As "Five-E", or "fifth edition"
As far as I can tell, abbreviations like "4e" and "5e" are unofficial community abbreviations for use in text, and there is no official canonical pronunciation defined in the books. These abbreviations are almost never used in D&D sourcebooks. However, we can use online sources to get a good sense of what pronunciations are most common in the D&D community.
YouTube videos are a good source of information on how words are pronounced. In my experience, among native English speakers talking about Dungeons & Dragons in particular, "3e", "4e" and "5e" are written abbreviations for what is pronounced "third edition", "fourth edition", and "fifth edition", respectively, although I have also heard these pronounced as written: "three-E," "four-E", and "five-E". I have sometimes seen e.g. "third edition" shortened to "third ed".

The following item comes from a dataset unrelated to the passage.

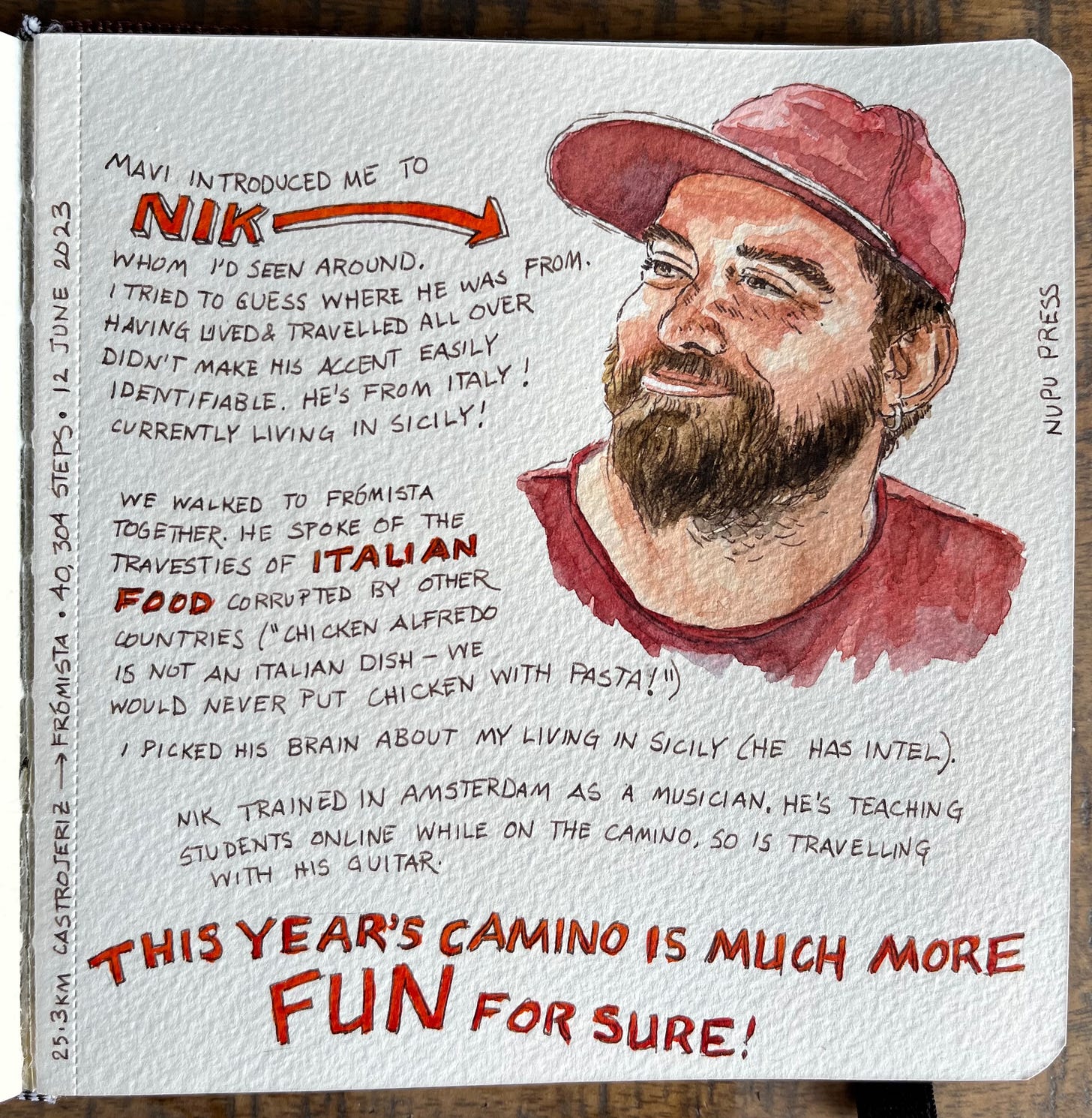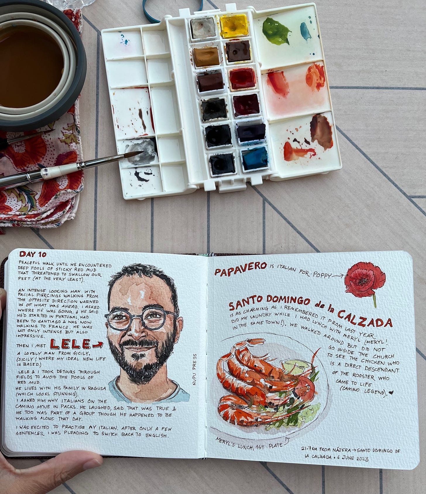 Keeping a sketchbook diary profoundly enriched my camino (as it does my daily life too). By capturing my day, I honoured my experience, I treasured its big and tiny moments, re–living them in the sketchbook, and I shared it all, so it came back tenfold.

I've never heard "3.5" pronounced in any other manner than "three point five" in English.
"3.5e" I have heard pronounced less often, but "three point five E" is probably the most common, or occasionally "three point five edition"; however, these are longer and more cumbersome, so it's most commonly just called "three point five" in speech.
The examples given in Trish's answer, in regard to how Germans pronounce D&D edition names, I've never heard in English. I can't recall ever having heard "D&D three" (in English that would make it sound like a movie sequel) or "three-five"; in English, 3.5 is always said "three point five", read as it would be a number with a decimal point.
Examples from official sources
With these examples, I'll write the pronunciations of names as they are spoken.
WotC's Chris Perkins, interviewed in Between the Sheets: Christopher Perkins (1h40m):
I think by the end of fourth edition, there were 15,000 feats in the game.¹
Five minutes into RollPlay Presents: a 5E Roundtable Discussion (EP1), Adam Koebel uses both short and long form, showing that both terms are used when spoken:
When we think about fifth edition particularly, fifth edition Dungeons and Dragons what is five-E about?
At twelve minutes, Matt Mercer says:
I grew up for many years playing A-D-and-D second edition, I played three point oh, three point five, Pathfinder, I've gone back since, I've played first edition .. I ran a fourth edition campaign for a couple of years.
Fourteen minutes, Adam Koebel:
I'm actually a big fan of four-E ... When you were developing five-E, were there any of those mechanics that felt less like points of inspiration and more like shackles?
Koebel particularly uses "five-E", but Matt Mercer uses it too around 1hr14m:
Speaking honestly, the ranger in the initial five-E release ...
Puffin Forest's D&D 4e was a game:
The fact that I started with fourth edition is very unusual. Most people either started with three-point-five, or they were later and began with fifth edition.
I played a few sessions of three-point-five at the same time when I was playing fourth edition.
Matt Colville's Using 4E to make 5E Combat more fun! uses the long form in speech:
If you are a fifth edition Dungeon Master—and you are ...
I would just steal a bard ability from fourth edition. I would steal this ability; I would steal something like Fast Friends, which is a cool fourth edition bard ability.
This is the text for how to grapple somebody in third edition. ... This is how grappling works in fourth edition. And, by the way, I think this is is basically how it works in fifth edition.
However, in a written comment, Matt uses the abbreviated form:
One common criticism of 4E is that it "discouraged roleplaying." Now, certainly we had LOTS of roleplaying in my 4E game.
You might also find a good cross-section of the D&D community by asking on an English-language D&D forum, where multiple people can tell you how they pronounce it.
¹ Out of interest, Perkins' figure is an exaggeration; there were only 3,271 feats in the D&D Compendium by the end of 4e.